Les meilleurs tuyaux d’entraînement en vitesse
L’escalade de vitesse est peut-être la plus spectaculaire des trois disciplines, puisque les athlètes grimpent sur des murs de 15 m de haut avec un surplomb de six degrés, en un clin d’œil ou guère plus.
"C’est l’entraînement le plus scientifique qui soit, car il est très proche de celui de l’athlétisme, souligne Sean McColl. Les entraîneurs ont recours aux ralentis. La façon dont on démarre en vitesse est très similaire à un départ de 100 m. Le record du monde masculin est actuellement de 5,48 s et le départ est évidemment capital. Pour être grimpeur de vitesse, on sait qu’on a besoin de muscles. On s’entraîne les yeux bandés en suivant le parcours. Tout n’est qu’une question de répétition."
Une compétence clé
Sean McColl, qui compte cinq victoires et 23 podiums en Coupe du monde, est sans équivoque quant à l’attribut le plus important en escalade.
"Il est extrêmement important d’avoir de la force dans les doigts", dit-il en riant, avant d’expliquer comment il essaie d’avoir les doigts les plus robustes de la discipline.
"Je pousse cela à l’extrême. Je me laisse simplement pendre à raison de 60 suspensions de 15 secondes [sur une poutre d’entraînement pour les doigts] avec un repos de 45 secondes entre chaque. Cela prend donc une heure à chaque fois. Il y a tout un tas de prises différentes. On commence par les plus difficiles lorsqu’on est le plus frais, puis on va vers les plus faciles."
Tout naturellement peut-être, étant donné leur importance vitale, les grimpeurs se préoccupent remarquablement de leurs précieuses mains.
"Certains refusent de faire la vaisselle, sourit Sean McColl. En fait, ça ne me dérange pas de la faire, mais je suis un diesel le matin, j’ai beaucoup de mal jusqu’à ce que mes mains soient réchauffées, alors je porte tout le temps des gants. Certaines personnes utilisent de l’eau salée pour les soigner, d’autres font circuler du courant dans de l’eau, utilisent des crèmes, des gels. On fait ce qui fonctionne, ou ce qu’on pense qui fonctionne."
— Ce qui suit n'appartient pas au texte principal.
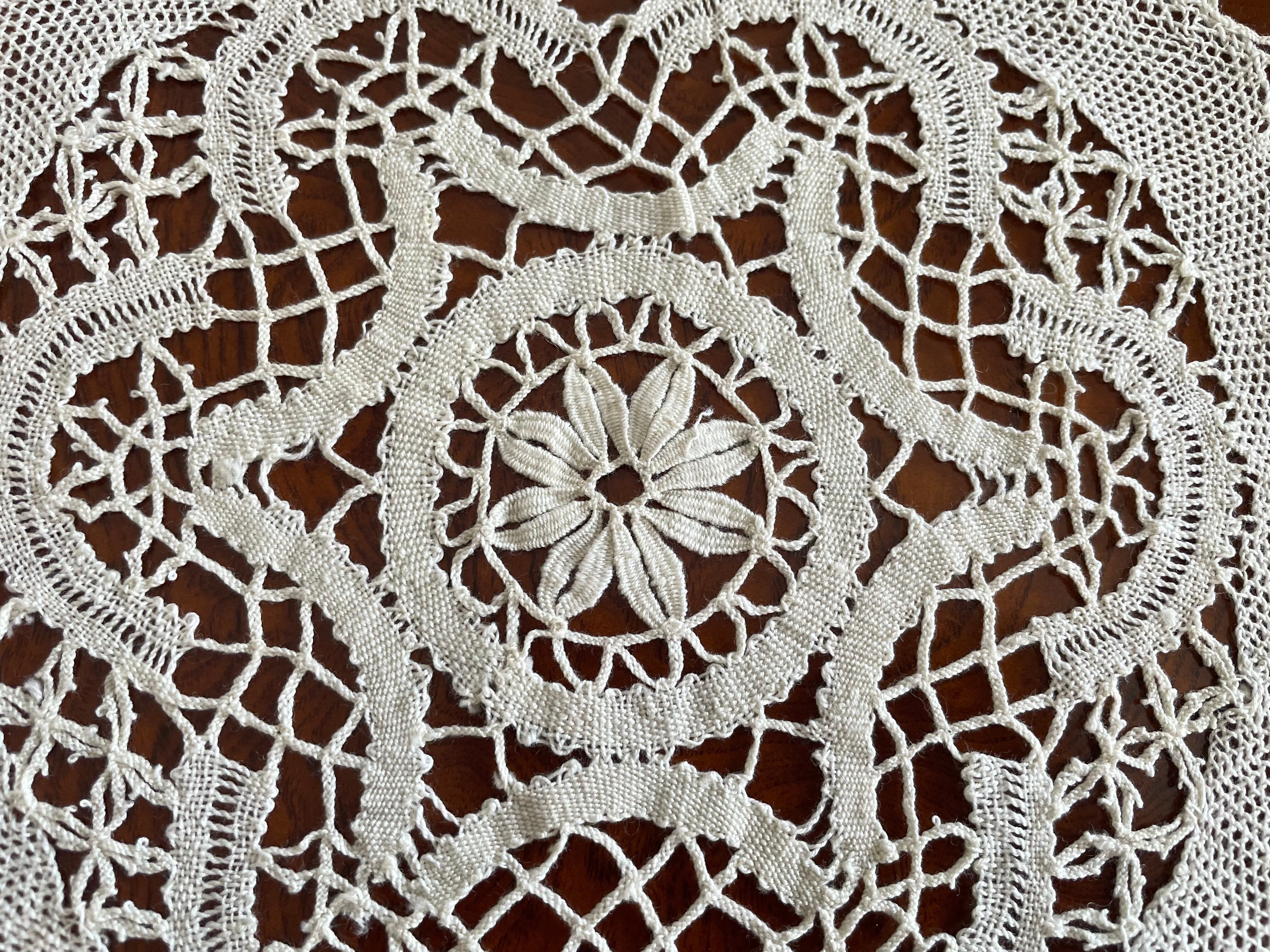 ドイリーとは、花瓶の下に敷いたり、テーブルセンターなどに使ったりする小さめのレースの事。
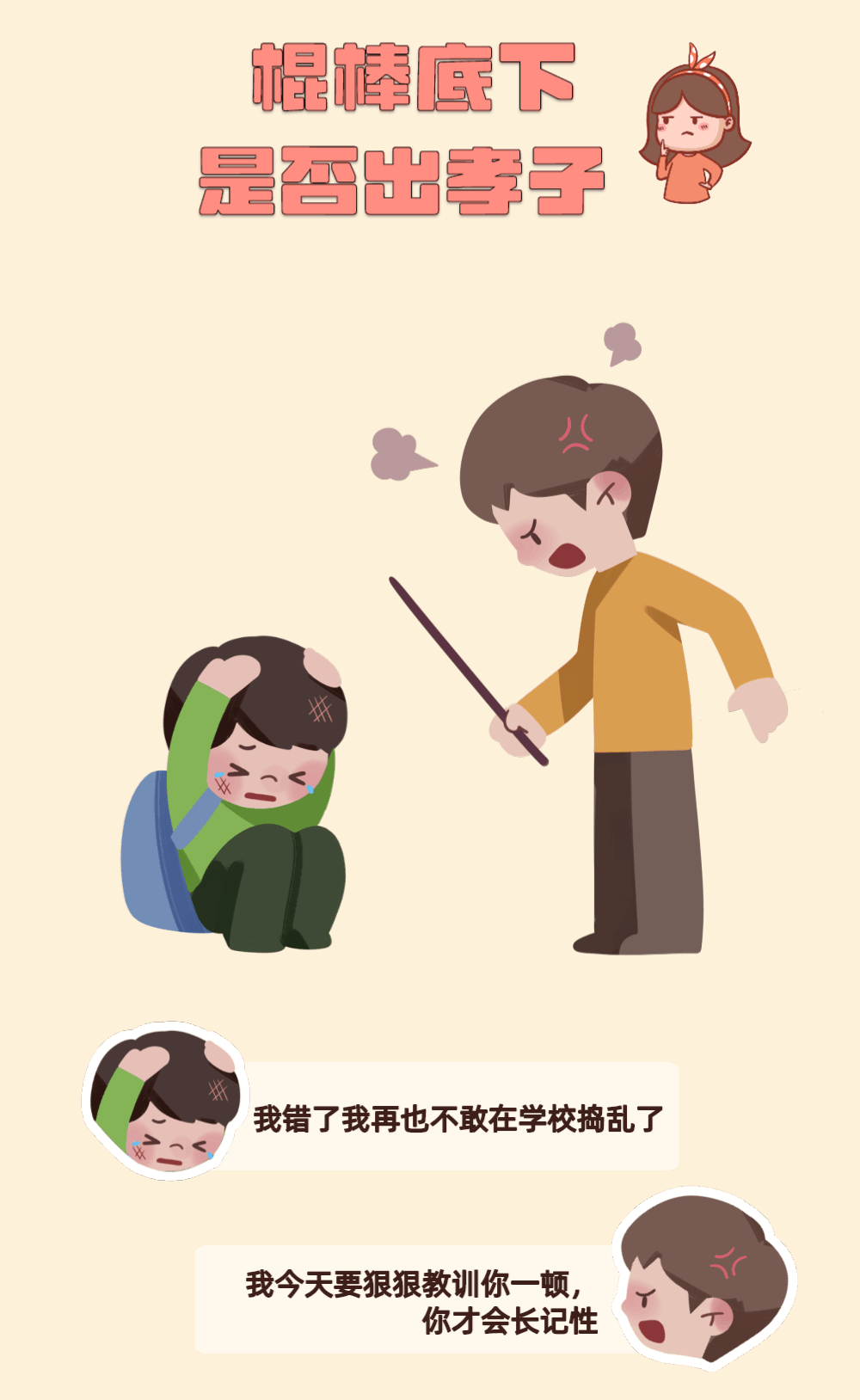 父母教育孩子要有耐心、爱心,不能单纯靠“武力”解决问题,暴力行为不仅可能伤害孩子,自身还可能存在触犯法律风险。

La collaboration est essentielle
Le meilleur élément du Canada estime avec beaucoup de fierté que même durant la finale olympique, la collaboration demeurera au cœur de son sport. Alors que les concurrents ne peuvent pas regarder leurs camarades grimpeurs pendant qu’ils tentent l’épreuve, ils bénéficient tous d’une période chronométrée avant la compétition, au cours de laquelle ils étudient ensemble les parcours établis et discutent des moyens de les résoudre.
"C’est un volet de notre sport qui est plutôt fantastique, dit Sean McColl. En escalade, nous ne sommes jamais vraiment en compétition directe avec un autre concurrent. Si je dis quelque chose à quelqu’un, cela ne pourra jamais me nuire. Ça peut rendre ce grimpeur plus fort et si je peux ainsi l’aider, c’est génial."